- **Dataset section**

______________________________

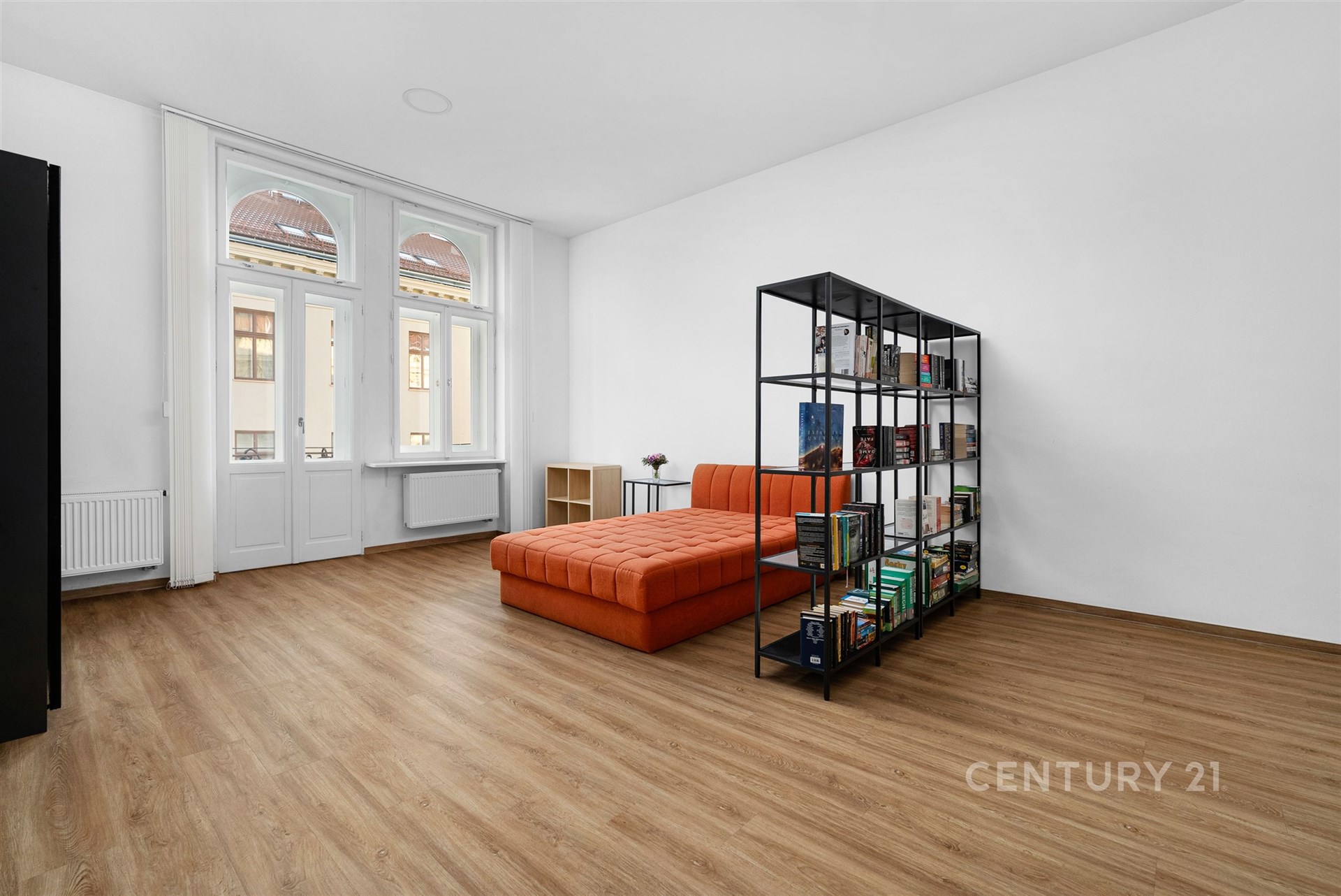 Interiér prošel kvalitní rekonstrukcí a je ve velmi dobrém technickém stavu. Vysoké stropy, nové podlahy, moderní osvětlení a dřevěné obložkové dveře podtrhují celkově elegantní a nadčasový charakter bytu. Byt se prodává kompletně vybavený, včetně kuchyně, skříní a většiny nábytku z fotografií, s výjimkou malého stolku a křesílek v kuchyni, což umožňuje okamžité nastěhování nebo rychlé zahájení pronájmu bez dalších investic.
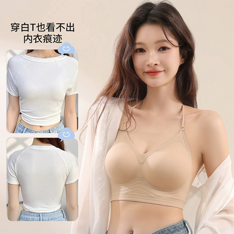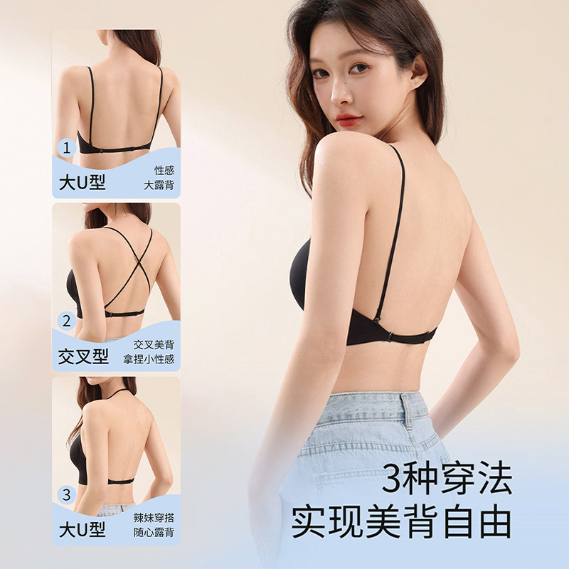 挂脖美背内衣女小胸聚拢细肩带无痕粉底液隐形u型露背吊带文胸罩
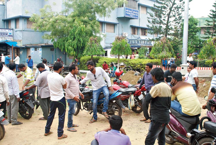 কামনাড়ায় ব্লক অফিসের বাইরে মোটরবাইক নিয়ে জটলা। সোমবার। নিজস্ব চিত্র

______________________________

- **Exercise directions**
Your answer should contain all the material above, written out exactly, and none of the pictures.

- **Solution for this problem**
 Interiér prošel kvalitní rekonstrukcí a je ve velmi dobrém technickém stavu. Vysoké stropy, nové podlahy, moderní osvětlení a dřevěné obložkové dveře podtrhují celkově elegantní a nadčasový charakter bytu. Byt se prodává kompletně vybavený, včetně kuchyně, skříní a většiny nábytku z fotografií, s výjimkou malého stolku a křesílek v kuchyni, což umožňuje okamžité nastěhování nebo rychlé zahájení pronájmu bez dalších investic.
 挂脖美背内衣女小胸聚拢细肩带无痕粉底液隐形u型露背吊带文胸罩
 কামনাড়ায় ব্লক অফিসের বাইরে মোটরবাইক নিয়ে জটলা। সোমবার। নিজস্ব চিত্র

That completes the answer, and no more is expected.